A placa-mãe define o que você pode conectar. O soquete do processador, o número de slots de RAM, os conectores de armazenamento, as portas traseiras. Se você comprar uma placa-mãe ruim, o melhor processador do mundo vai andar limitado. Slots de RAM em lotes de dois geralmente performam melhor que em lotes de um porque ativam o dual-channel. É uma dessas coisas que muita gente ignora. O armazenamento mudou muito nos últimos anos. SSDs NVMe são absurdamente mais rápidos que SSDs SATA, que por sua vez fazem o processador responder muito melhor que HDs mecânicos. Um sistema operacional num SSD NVMe inicia em segundos. Num HD, leva dois minutos ou mais. A diferença é tão clara que depois de usar SSD você volta a ter dificuldades sérias. A maioria dos computadores lentos que eu vejo hoje estão assim simplesmente porque ainda usam HDs como disco principal.
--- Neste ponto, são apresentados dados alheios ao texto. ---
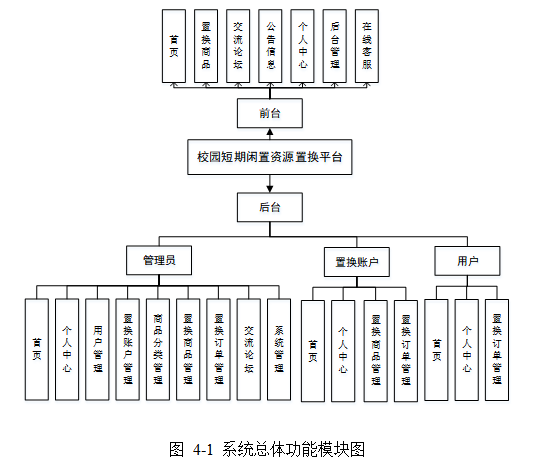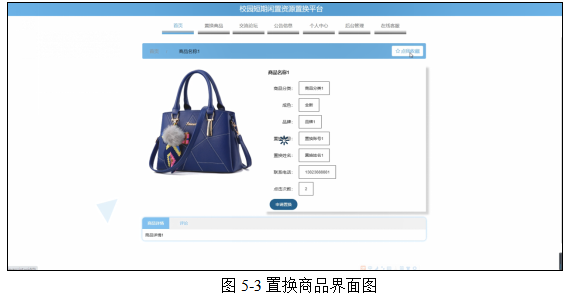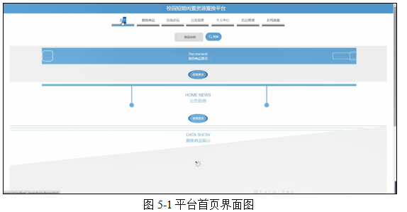校园短期闲置资源转换平台,在平台首页可以查看首页,置换商品,交流论坛,公告信息,个人中心,后台管理,在线客服等内容,并进行详细操作;如图5-1所示。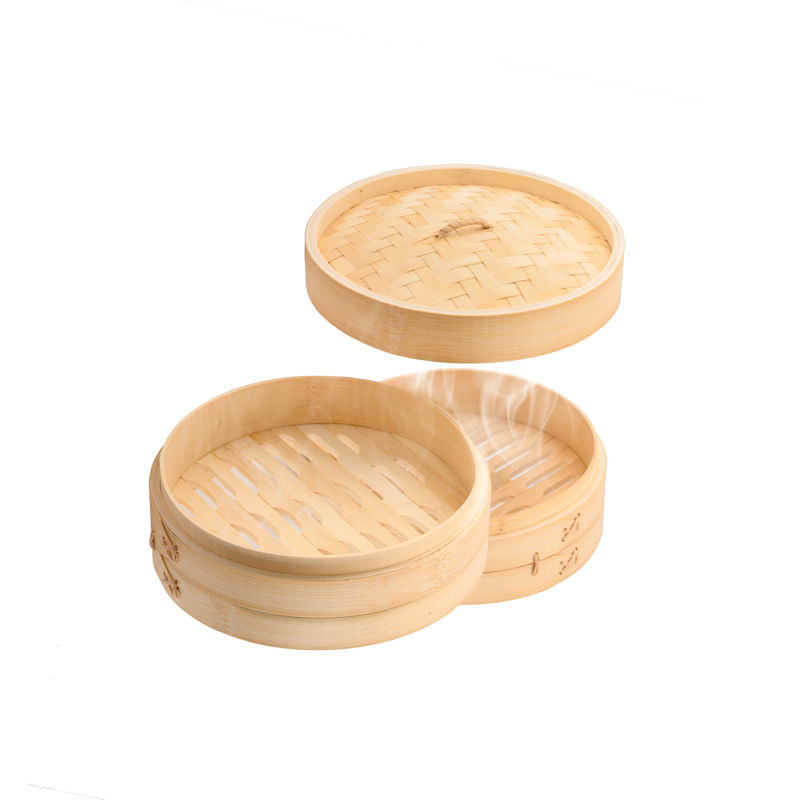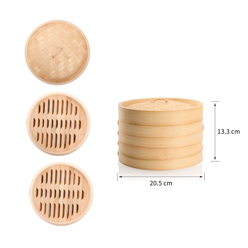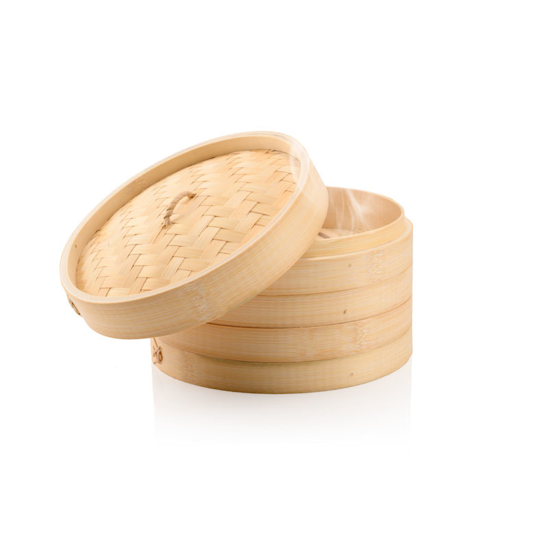 ✅ Rond Bamboe stoommandje, voorzien van 2 stoommandjes + deksel.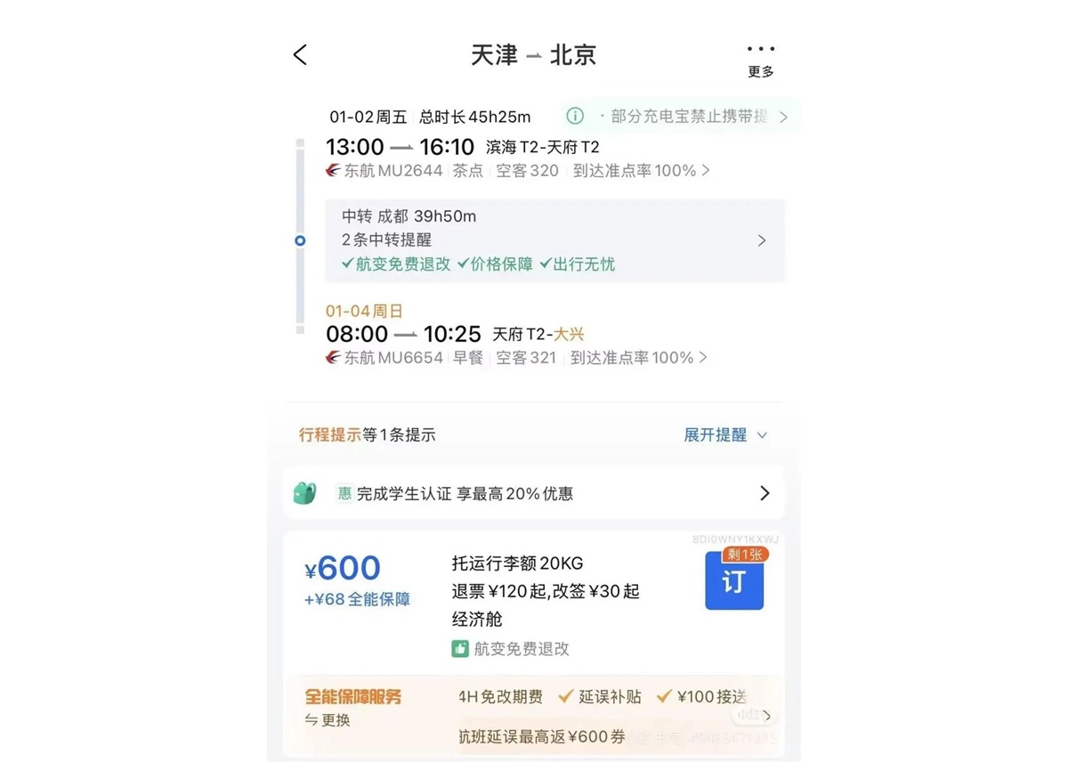 网友发帖截图,从天津经成都中转再飞往北京的机票,中转的30多个小时内,就可以在成都的街头尽兴地走一走。飞到北京后,坐动车回天津也很方便。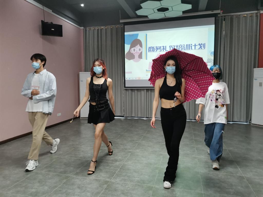 在取得一鸣惊人的成绩之前,必先做好充足的准备工作。活动开始前,为了呈现一个好的舞台金老师和同学们都铆足了劲准备,穿着惊艳的服装,画着精致的妆容,带着不同的道具闪亮出场。从多彩时装、国潮古风到经典礼服等服饰的独特性,到高跟鞋、折扇、鲜花等应景道具丰富性,再到男生选择女步的坚持与自我突破,每一位礼仪爱好者都勇于突破自我,克服10厘米高跟鞋的困难大胆展示自我魅力,将形体礼仪的魅力表达的淋漓尽致;也是在热爱面前永不止步的决心让他们得以从容优雅地走在舞台上,在每一次的转身回眸中找到礼仪之中美的体验。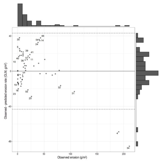 Importance of the involved predictors of erosion were similar in both models: runoff was the most important and the rain intensity (i30) was the next variable. Although i30 was in high correlation (r = 0.95, p < 0.001) with the runoff, the importance of runoff was higher in the RFR model (due to avoid multicollinearity we omitted i30 from the GLM). Soil cover was also important, but, in this research, soil moisture and the slope type (i.e., 4.7% or 10.3%) was not relevant. The relevance of soil moisture and slope angle were reported in several studies [108,109,110], but slopes were usually steeper (larger than 10°) and the difference was also ~10° among the different slope types. Moreover, smaller importance can be attributed to the local characteristics: other influencing factors, such as i30 and runoff in the combination of three types of soil cover proved to be more important than the slopes. We repeated the RFR model without the runoff variable to filter out its large effect, but the rank and the magnitude remained the same for the other variables, and the relevance of slope and soil moisture did not increase.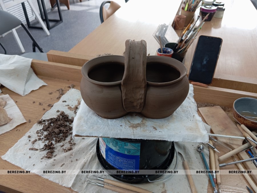– Вот в такой посуде в старинные времена жёны носили обеды мужьям в поле, – демонстрирует Анна Анатольевна новое, почти готовое, изделие из глины.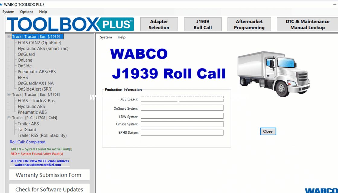 ABCO TOOLBOX PLUSهو برنامج تشخيص متقدم تم تصميمه لدعم مجموعة منتجات WABCO® الشاملة ، بما في ذلك ABS ، ومراقبة الاستقرار ، وأنظمة تخفيف الاصطدام.يسمح للفنيين بإجراء عمليات تشخيص، اختبارات النظام، وبرمجة ECU بكفاءة باستخدام واجهات مختلفة مدعومة.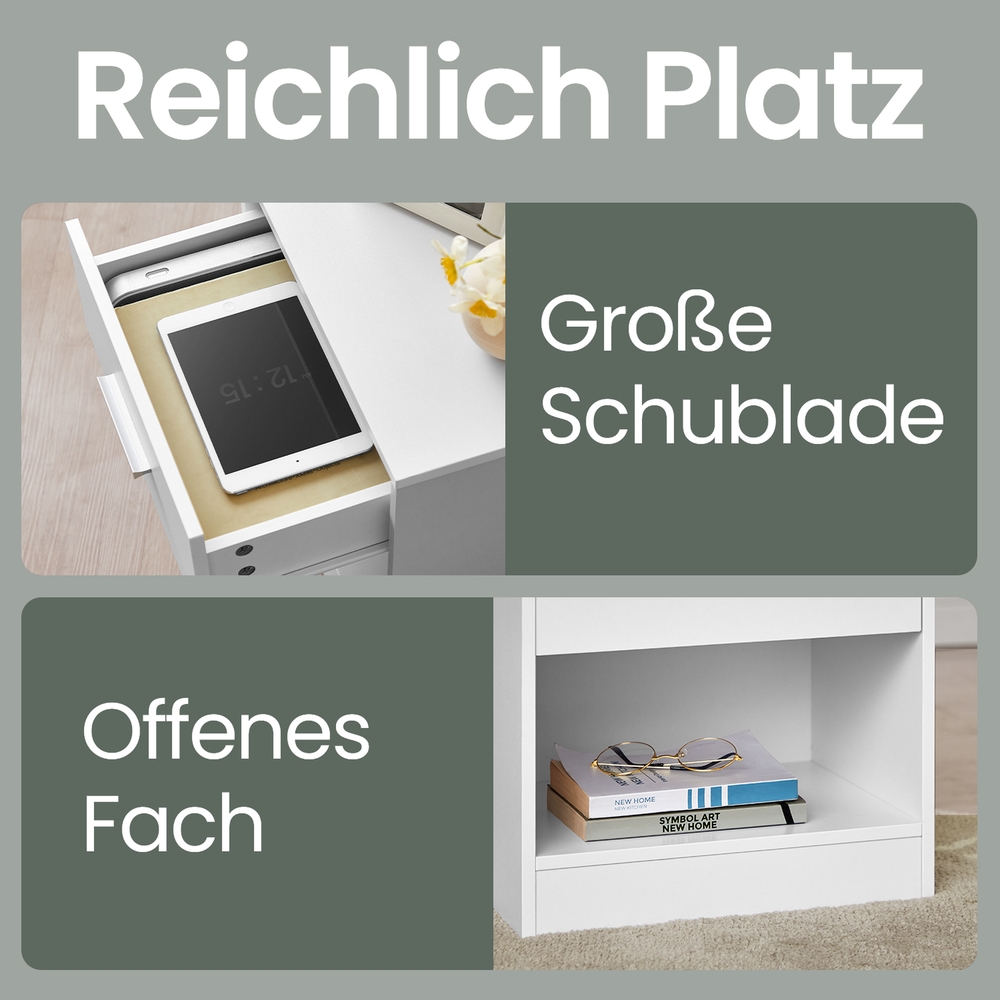 Yöpöytä, sivupöytä, laatikolla, kahvalla, avoimella lokerolla, sohvapöytä, makuuhuoneeseen, olohuoneeseen, klassinen valkoinen

A fonte de alimentação é a parte mais subestimada. Uma fonte ruim pode queimar seus outros componentes. Não brinque com isso. Pense em fontes 80 Plus como mínimo e prefira marcas que tenham garantia de pelo menos cinco anos. Uma fonte de 500 watts é suficiente para uma máquina sem placa de vídeo dedicada ou com uma placa de entrada. Para uma placa média, considere 650 a 750 watts. Para alta performance, 850 watts ou mais, com margem para upgrades futuros. A placa de vídeo só importa se você vai fazer uso dela. Renderização 3D, edição de vídeo em alta resolução, jogos, machine learning — aí ela é essencial. Para o resto, a placa de vídeo integrada ao processador resolve perfeitamente e economiza um dinheirão.
A pegadinha que ninguém conta
Tem uma coisa que vendedores e manuais nunca dizem claramente: especificações no papel não traduzem performance real da forma como você imagina. Dois computadores com especificações idênticas podem se comportar de maneiras bem diferentes porque a placa-mãe, a fonte, a velocidade do SSD e até o sistema operacional entram na equação. Eu montei um computador há alguns anos com um processador Ryzen 7 5800X, 32 GB de RAM DDR4 a 3600 MHz, um SSD NVMe Samsung 970 EVO Plus e uma placa de vídeo RTX 3060. Rodava tudo muito bem. Até que resolvi rodar uma compilação longa de um projeto C++ com muitas dependências. O processador começava a reduzir o clock após quinze minutos porque o cooler não era bom o suficiente. O sistema ficava instável. Troquei o cooler por um Thermalright Peerless Assassin, que custa metade do preço de muitos coolers vendidos como "premium", e o problema sumiu. O processador passou a manter o clock máximo por horas sem queda.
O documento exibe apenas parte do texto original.